Clean up the script. Have it create a new folder with all decompressed ebx
to investigate the changes to the ebx format:
	import os
	from struct import unpack,pack
	from cStringIO import StringIO

	def open2(path,mode="rb"): #when used to write, create folders too
		if mode=="wb":
			#create folders if necessary and return the file handle

			#first of all, create one folder level manully because makedirs might fail
			path=path.replace("/","\\")
			pathParts=path.split("\\")
			manualPart="\\".join(pathParts[:2])
			if not os.path.isdir(manualPart):
				os.makedirs(manualPart)

			#now handle the rest, including extra long path names
			folderPath=lp(os.path.dirname(path))
			if not os.path.isdir(folderPath): os.makedirs(folderPath)
		return open(lp(path),mode)
	def lp(path): #long pathnames
		if len(path)<=247 or path=="" or path[:4]=='\\\\?\\': return path
		return unicode('\\\\?\\' + os.path.normpath(path))

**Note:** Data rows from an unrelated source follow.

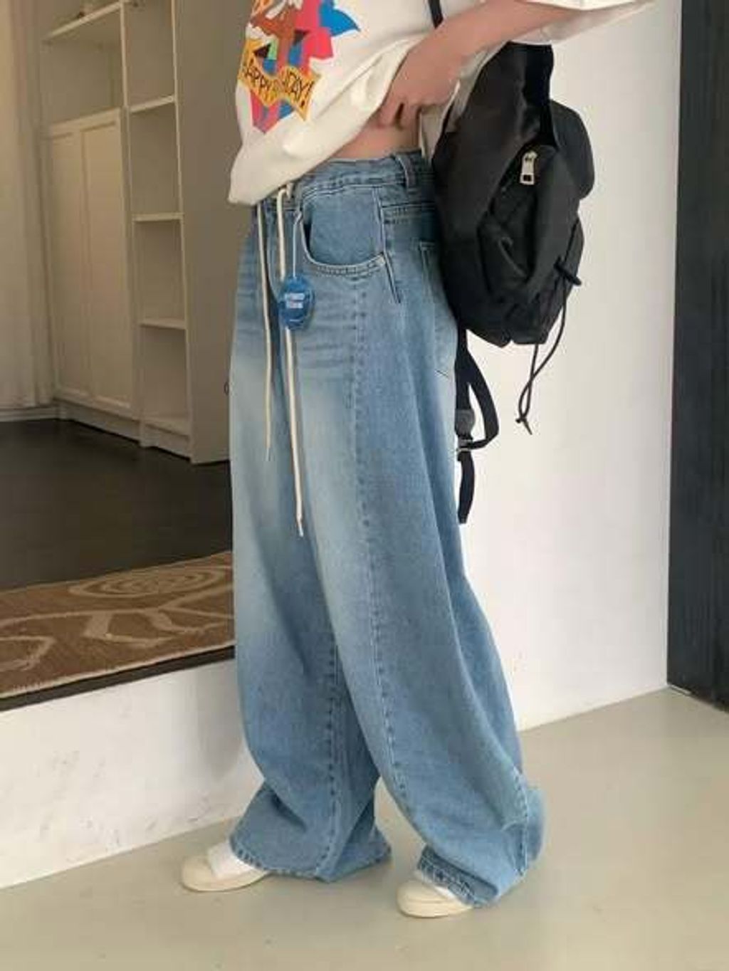 正韓抽繩刷色牛仔褲寬褲KGLVC-1229
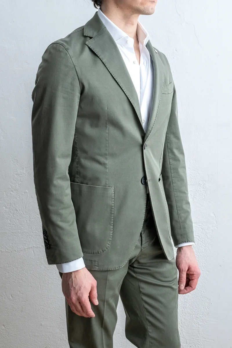 • Kostymen är sydd i en fin bomulls kvalité med inslag av elastan, kostymen är tvättad i färgen.
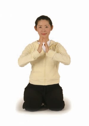 ▲숨을 내쉬면서 얼굴 쪽을 감싸고 있던 손바닥을 내리면서 서서히 서로 마주 보게 한 후 손바닥을 마주보게 한 채로 아래로 내린다(사진 2).
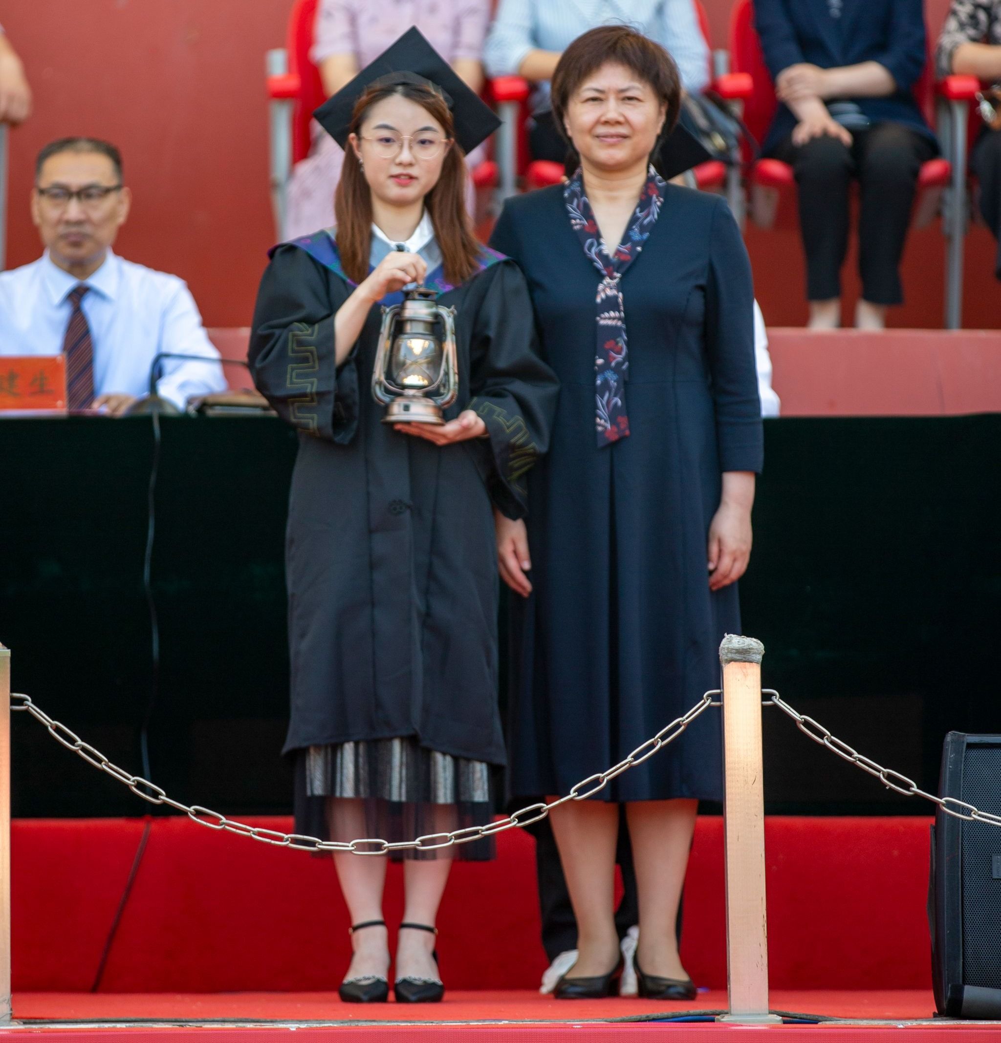 校党委书记李小芳为毕业生代表赠送纪念品——一盏现代化的马灯,警示毕业生不忘选择医学、救死扶伤的初心。古代中医弟子学成出师之时,老师要向学生赠予一盏马灯和一把黄油伞,提醒学子行医之路要风雨无阻,不分昼夜。这份珍贵的礼物还蕴含着母校对毕业生们“传承精华守正创新”的深切希冀,为即将离开母校的同学们点亮了理想之灯,照亮了前行之路。
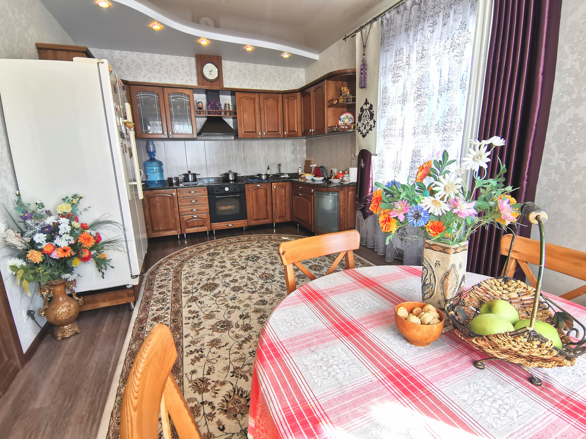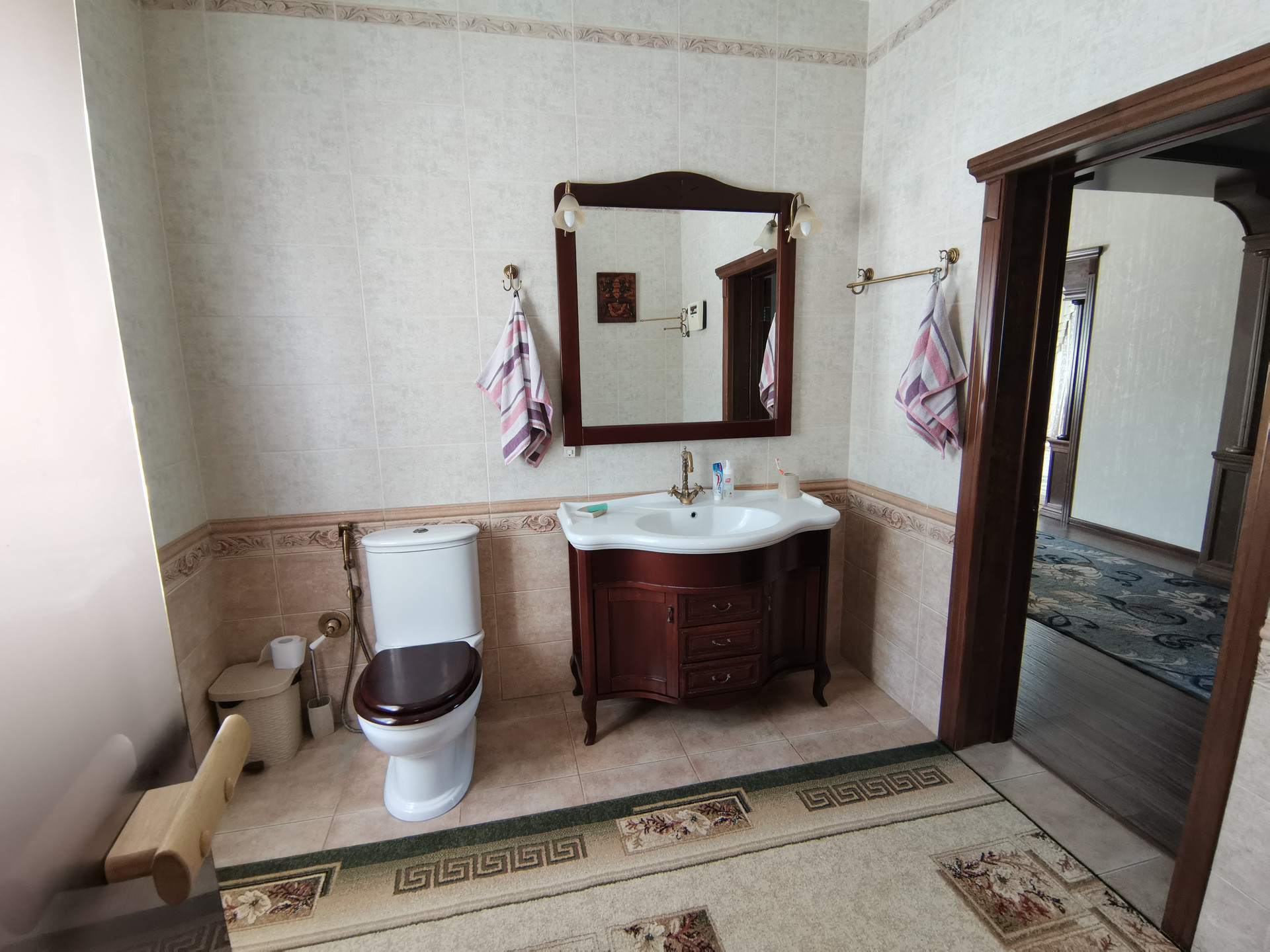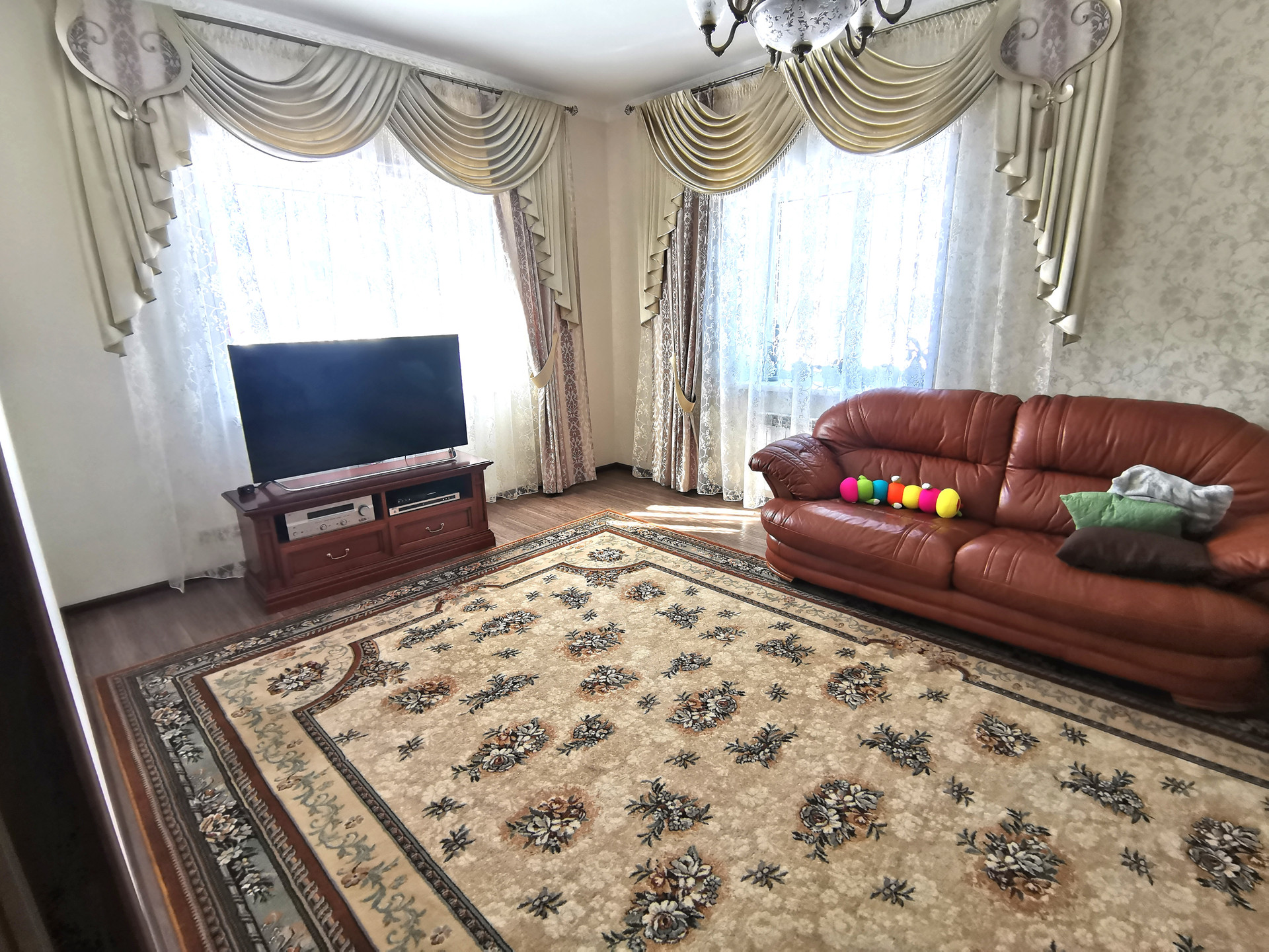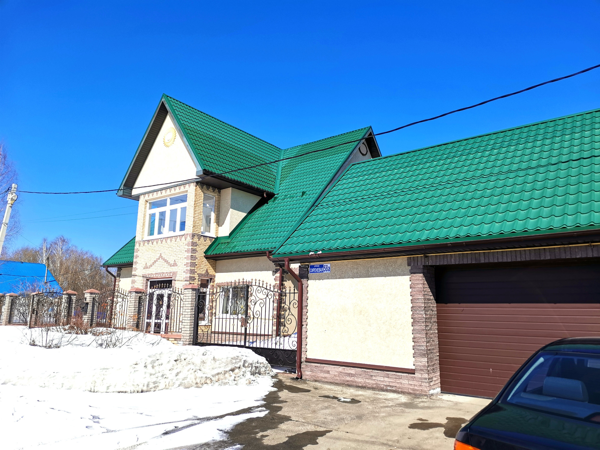 Газовое отопление, гараж на 2 машины, капитальная с отоплением и санузлом летняя кухня 60 кв.м., + хозблок, погреб сухой, сигнализация в доме , красивый кованый забор.

	def readNum(f): #when byte is ff, read one more byte until not ff, add all
		total=0
		while 1:
			byte=ord(f.read(1))
			total+=byte
			if byte!=0xff: return total

	def decompressLZ77(f,fileSize=None):
		#takes a file handle, gives back a decompressed string
		#allow file size to be specified to work from within archives

		#if file size not specified, get it now (will only work correctly on single files)
		if fileSize==None:
			f.seek(0,2)
			fileSize=f.tell()
			f.seek(0)
		fileOffset=f.tell() #0 for single files, much greater for archives

		#write the decompressed data into memory only, eventually return it
		decompressedStream=StringIO()

		#go through each block, filling the decompressed stream with data
		while f.tell()-fileOffset<fileSize:
			#grab the header of a compressed block
			decompressedSize, compressionType, compressedSize = unpack(">IHH",f.read(8))

			if compressionType==0x71:
				decompressedStream.write(f.read(decompressedSize))
				continue
			elif compressionType!=0x970: print "Unknown compression type: "+str(compressionType)

			#from here on, LZ77
			#go from one opcode to the next and write the decompressed data into the stream until the block is done
			blockOffset=f.tell()
			while f.tell()-blockOffset<compressedSize:

				#retrieve the two sizes from a single byte
				lengthByte=ord(f.read(1))  #e.g. 9e
				proceedSize=lengthByte>>4  #=>   09
				copySize   =lengthByte&0xf #=>   0e

				if proceedSize==0xf: proceedSize+=readNum(f)

				#add the uncompressed data to the stream
				decompressedStream.write(f.read(proceedSize))

				#it's possible that the very last bytes in the block are not compressed
				#so there is no offset to read; handle this case
				if f.tell()-blockOffset==compressedSize: break


				pos0=decompressedStream.tell() #data will be written to the end of the stream, so take note of it
				offset=unpack("H",f.read(2))[0]

				if copySize==0xf: copySize+=readNum(f)
				copySize+=4

				decompressedStream.seek(-offset,1) #go back to copy the data

				#make several copies if necessary
				if offset<copySize:
					times=copySize/offset
					rest=copySize%offset

					copy=decompressedStream.read(offset) #either read offset or copySize; read() will yield the same
					decompressedStream.seek(pos0)
					for i in xrange(times): decompressedStream.write(copy)
					decompressedStream.write(copy[:rest])
				else:
					copy=decompressedStream.read(copySize)
					decompressedStream.seek(pos0)
					decompressedStream.write(copy)
		return decompressedStream.getvalue()


	#go through all files in the ebx folder
	for dir0, dirs, ff in os.walk(r"D:\hexing\bf4 beta dump\bundles\ebx"):
		for fname in ff:
			fullPath=dir0+"\\"+fname

			writePath=fullPath.replace(r"bf4 beta dump\bundles\ebx","bf4 decompressed ebx")
			f=open(dir0+"\\"+fname,"rb")
			data=decompressLZ77(f)
			f.close()
			f2=open2(writePath,"wb")
			f2.write(data)
			f2.close()


The files certainly look more tolerable now:

Before: http://i.imgur.com/RwjMdgi.png
After:  http://i.imgur.com/xHkGjOD.jpg


Supplement:
While dealing with the new patched cas-enabled sbtoc I've stumbled upon two more compression types.
Type 0070 is almost the same as type 0071, but for 0070 the compressed size equals the decompressed size
whereas the compressed size is zero for type 0071.

Another type is 0000, which only occurs when decompressed and compressed size are null too.
Basically there are 8 nullbytes. In this case, return an empty string.